(Material supplied begins)

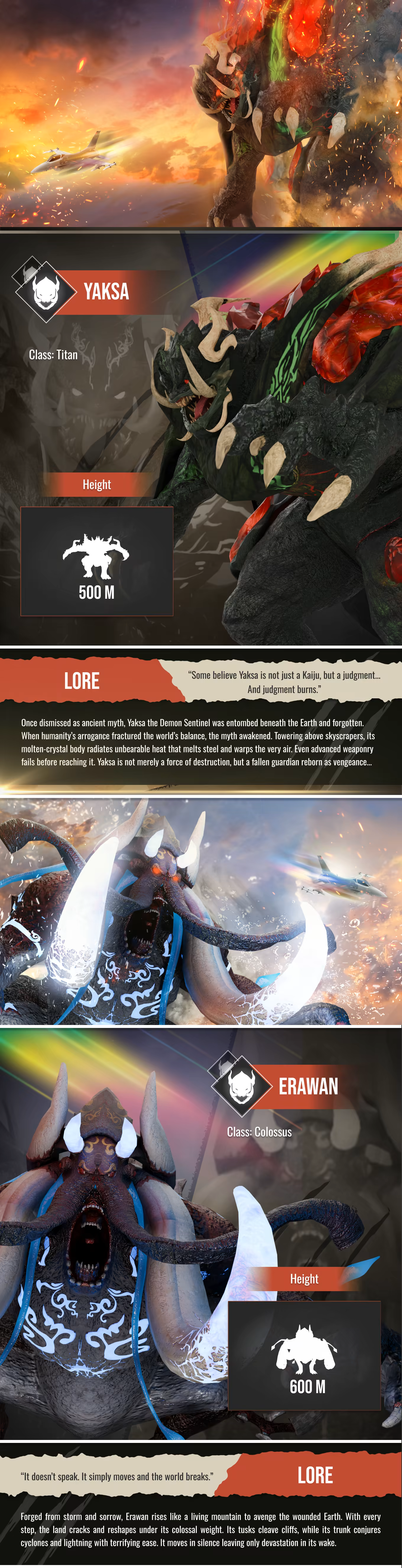 "Extinction Core is based on PvE intense boss battles, and each Kaiju is a key character in the gameplay's design principles. Bosses have unique patterns, each challenging players and playstyles in different ways. More Kaiju means more gameplay, more levels, and more tactical decisions."
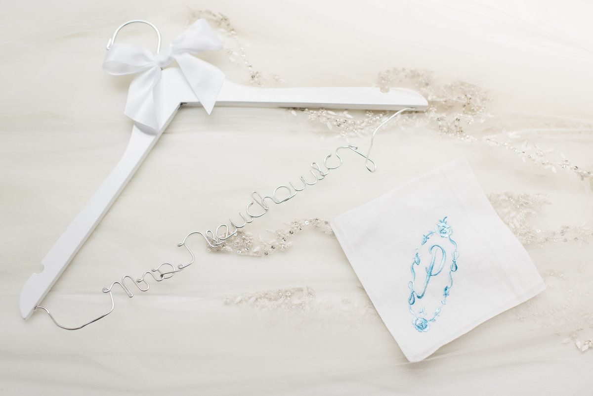 Bride & Blossom bride Paige carried a handkerchief with her initial embroidered in blue.
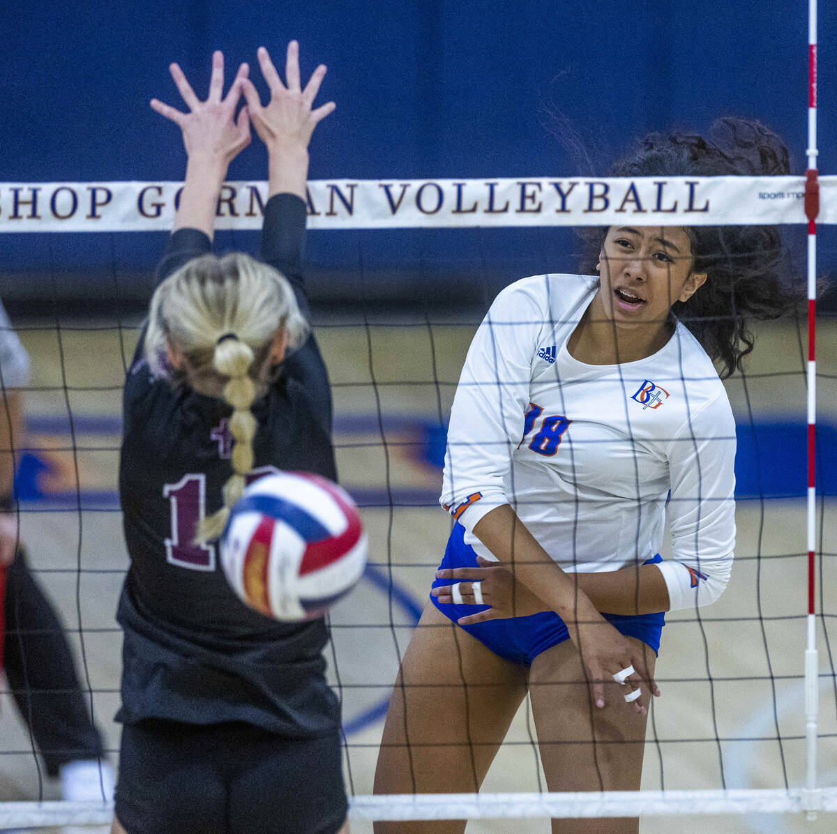 Bishop Gorman’s Leilia Toailoa (18) sends a shot past Faith Lutheran’s Ella Swinn (10) during the first set of their NIAA volleyball match on Tuesday, Sept. 27, 2022, in Las Vegas. (L.E. Baskow/Las Vegas Review-Journal) @Left_Eye_Images
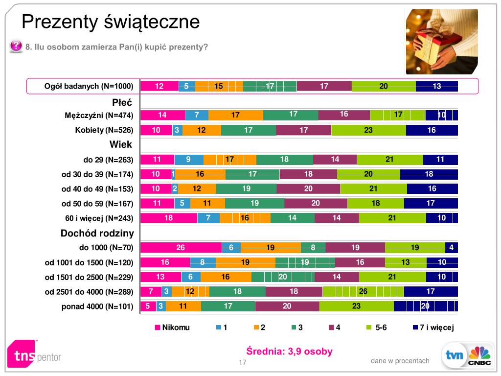 Prezenty świąteczne 8. Ilu osobom zamierza Pan(i) kupić prezenty? Płeć Wiek Dochód rodziny Średnia: 3,9 osoby dane w procentach
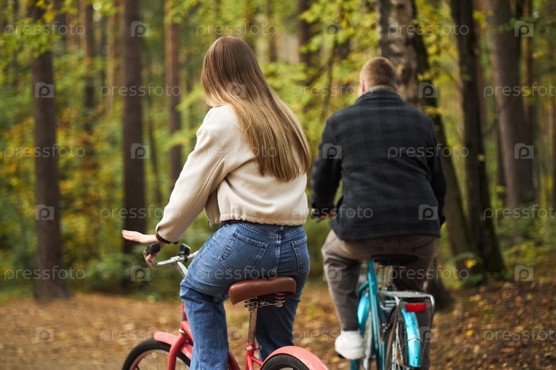 Молодая женщина и молодой человек едут на велосипедах в лесу
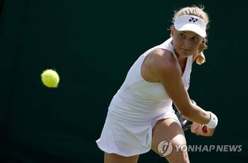 epa07687052 Bernarda Pera of the USA in action against Maria Sakkari of Greece during their first round match at the Wimbledon Championships at the All England Lawn Tennis Club, in London, Britain, 01 July 2019. EPA/WILL OLIVER EDITORIAL USE ONLY/NO COMMERCIAL SALES
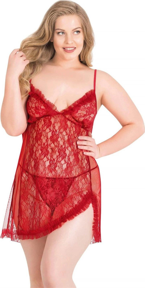 Bicomi Büyük Beden Kırmızı Kısa Tül Gecelik 3026
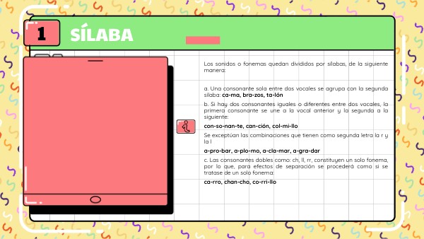 Los sonidos o fonemas quedan divididos por sílabas, de la siguiente manera: a. Una consonante sola entre dos vocales se agrupa con la segunda sílaba: ca-ma, bra-zos, ta-lón b. Si hay dos consonantes iguales o diferentes entre dos vocales, la primera consonante se une a la vocal anterior y la segunda a la siguiente: con-so-nan-te, can-ción, col-mi-llo Se exceptúan las combinaciones que tienen como segunda letra la r y la l a-pro-bar, a-plo-mo, a-cla-mar, a-gra-dar c. Las consonantes dobles como: ch, ll, rr, constituyen un solo fonema, por lo que, para efectos de separación se procederá como si se tratase de un solo fonema: ca-rro, chan-cho, co-rri-llo
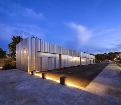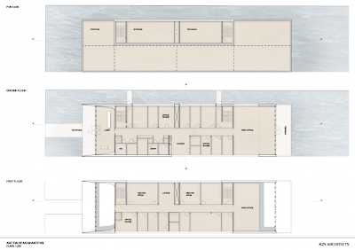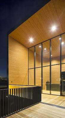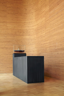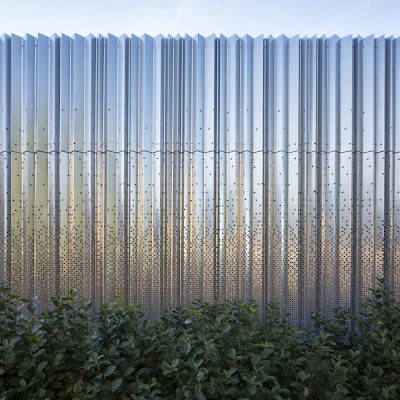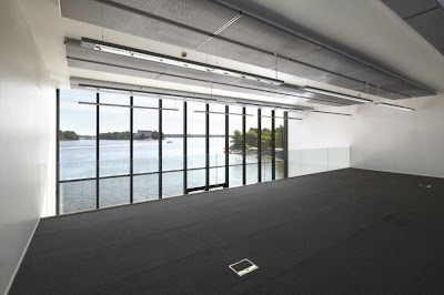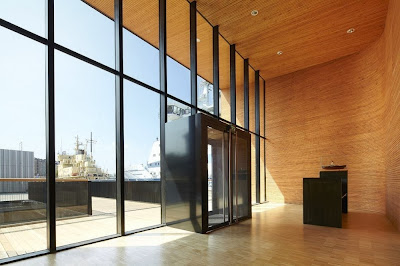 La volumetría horizontal y fachadas de acero negro personalizadas se relacionan con los cascos negros de los barcos. El interior de la “nave de acero negra” está hecho de madera lacada que se relaciona con la tradicional construcción de de los barcos en sus inicios. Las fachadas del edificio son hechos en base a perfiles de acero de onda y patrón personalizado. Existe una gradiente y el patrón abstracto perforado en los perfiles de acero se relaciona con cristales de hielo y los patrones textiles de marinero.

(Material supplied ends)

# Task:
Please leave out the pictures as you reproduce the lines exactly, from the first line of the entries through the line containing "Los sonidos o".

# Solution to this problem:
 "Extinction Core is based on PvE intense boss battles, and each Kaiju is a key character in the gameplay's design principles. Bosses have unique patterns, each challenging players and playstyles in different ways. More Kaiju means more gameplay, more levels, and more tactical decisions."
 Bride & Blossom bride Paige carried a handkerchief with her initial embroidered in blue.
 Bishop Gorman’s Leilia Toailoa (18) sends a shot past Faith Lutheran’s Ella Swinn (10) during the first set of their NIAA volleyball match on Tuesday, Sept. 27, 2022, in Las Vegas. (L.E. Baskow/Las Vegas Review-Journal) @Left_Eye_Images
 Prezenty świąteczne 8. Ilu osobom zamierza Pan(i) kupić prezenty? Płeć Wiek Dochód rodziny Średnia: 3,9 osoby dane w procentach
 Молодая женщина и молодой человек едут на велосипедах в лесу
 epa07687052 Bernarda Pera of the USA in action against Maria Sakkari of Greece during their first round match at the Wimbledon Championships at the All England Lawn Tennis Club, in London, Britain, 01 July 2019. EPA/WILL OLIVER EDITORIAL USE ONLY/NO COMMERCIAL SALES
 Bicomi Büyük Beden Kırmızı Kısa Tül Gecelik 3026
 Los sonidos o fonemas quedan divididos por sílabas, de la siguiente manera: a. Una consonante sola entre dos vocales se agrupa con la segunda sílaba: ca-ma, bra-zos, ta-lón b. Si hay dos consonantes iguales o diferentes entre dos vocales, la primera consonante se une a la vocal anterior y la segunda a la siguiente: con-so-nan-te, can-ción, col-mi-llo Se exceptúan las combinaciones que tienen como segunda letra la r y la l a-pro-bar, a-plo-mo, a-cla-mar, a-gra-dar c. Las consonantes dobles como: ch, ll, rr, constituyen un solo fonema, por lo que, para efectos de separación se procederá como si se tratase de un solo fonema: ca-rro, chan-cho, co-rri-llo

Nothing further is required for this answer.